Figure GDA0003108266090000116
sigma is a superparameter of the twin network model, w is a weight matrix of the twin network model, and epsilon is 0.1, namely the whole calculation process of the twin network, and on the training set and the test set, the evaluation index accuracy of the model and the sentence F1 are respectively 0.99, 0.99 and 1, 0.99.
The sentence vectors are trained through the twin network model provided by the embodiment of the invention, the sentence vectors are extracted through a GlobalatAveragePooling 1D () layer, and the extracted sentence vectors are inserted into a Milvus library (a vector library which is an open-source similarity search engine aiming at massive feature vectors).
The operation steps are as follows:
step 100: firstly, standard questions and similar questions in the knowledge points are output and processed, and the standard questions and the similar questions are stored in a database after duplication is removed.
Step 200: the twin network model is then invoked and sentences in the knowledge base are predicted using the globalagregappooling 1D () layer, where each sentence vector has dimensions of 312 dimensions.
Finally, each extracted sentence vector is inserted into a Milvus library. The Milvus library is a vector search engine, and the searching of hundreds of millions of data can be completed within a few milliseconds. The statements inserted into the Milvus library are: insert (collection _ name, records, ids), wherein collection _ name is a name inserted into the Milvus library, records are vectors, and ids is a number corresponding to the vectors.
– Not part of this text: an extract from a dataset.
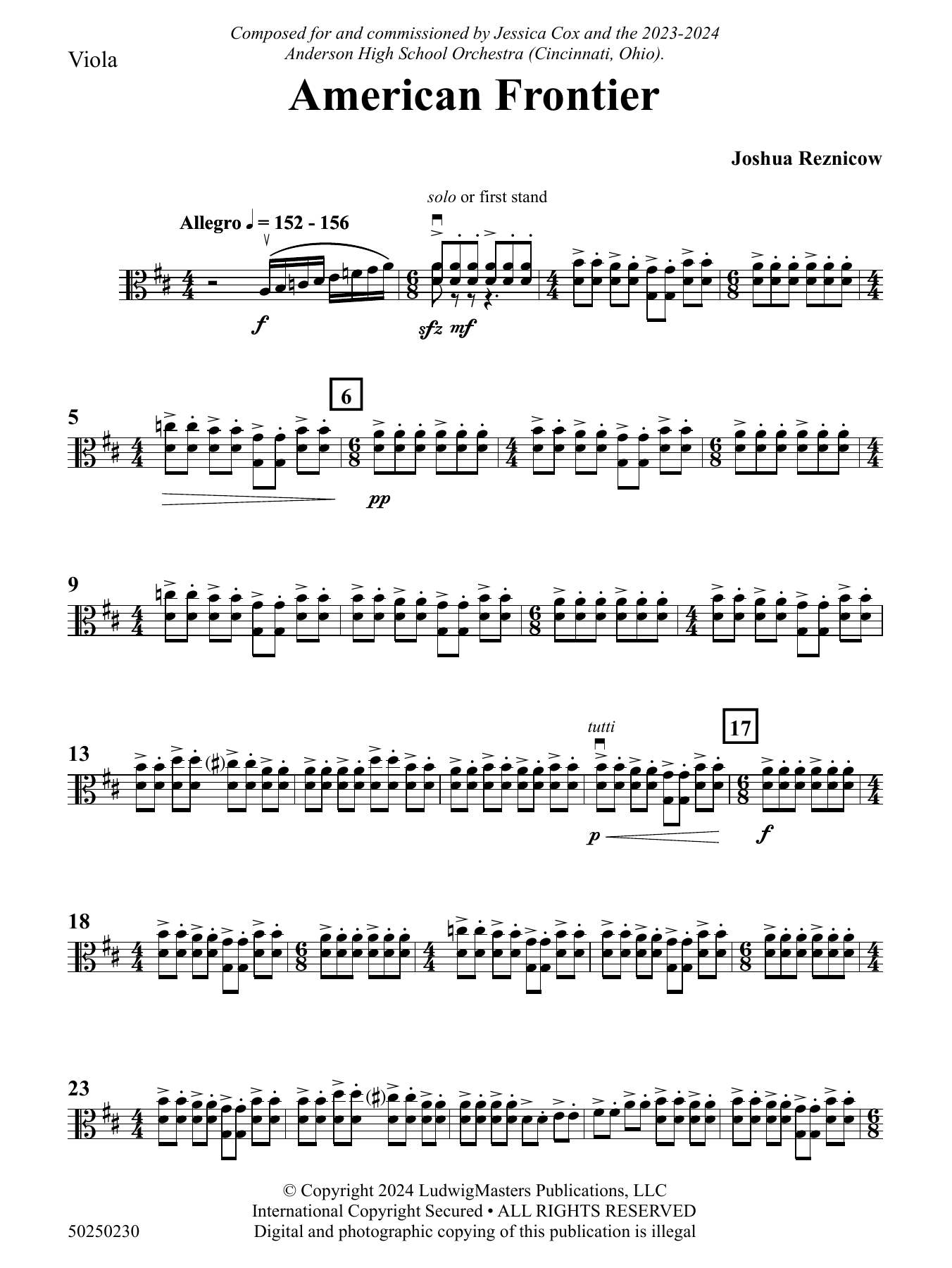 American Frontier for string orchestra was written by Joshua Reznicow utilizing various ensemble configurations from within the string orchestra. Solo lines, quartet, quintet, and sectional soli all help to make up the overall design and orchestral colors of the piece. As a juxtaposition to this, large divisi string writing is utilized to help balance the smaller ensemble writing within the score. The work is inspired by images of a western frontier---one filled with large fields, mountains, and sunsets, as well as subtle character-filled details that have a forward and fast-moving feel. (5:00)

This step is best prepared for subsequent searches of the Milvus library, similarity calculation of sentence vectors, return to the knowledge base and sentence vectors most similar to the user question.
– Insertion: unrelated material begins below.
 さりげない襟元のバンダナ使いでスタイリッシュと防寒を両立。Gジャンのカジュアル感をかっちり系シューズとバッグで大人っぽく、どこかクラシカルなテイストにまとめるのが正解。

The establishment of the twin network model is completed, and the preset condition comprises a specific actual condition that the vector difference value is within a preset difference value range; as shown in fig. 4, based on step S102, the determining a similar vector with the highest similarity to the feature vector of the sentence C from the vector library includes:
step S201, calculating the similarity between each sentence vector and the sentence vector through a cosine similarity formula, wherein the sentence vectors are stored in the vector library;
step S202, if the similarity between the sentence vector and the feature vector of the sentence C is greater than a preset threshold, determining that the vector difference between the sentence vector and the feature vector of the sentence C is within a preset difference range;
in step S203, if the similarity between the sentence vector and the sentence vector is smaller than a preset threshold, it is determined that the vector difference between the sentence vector and the sentence vector is not within a preset difference range.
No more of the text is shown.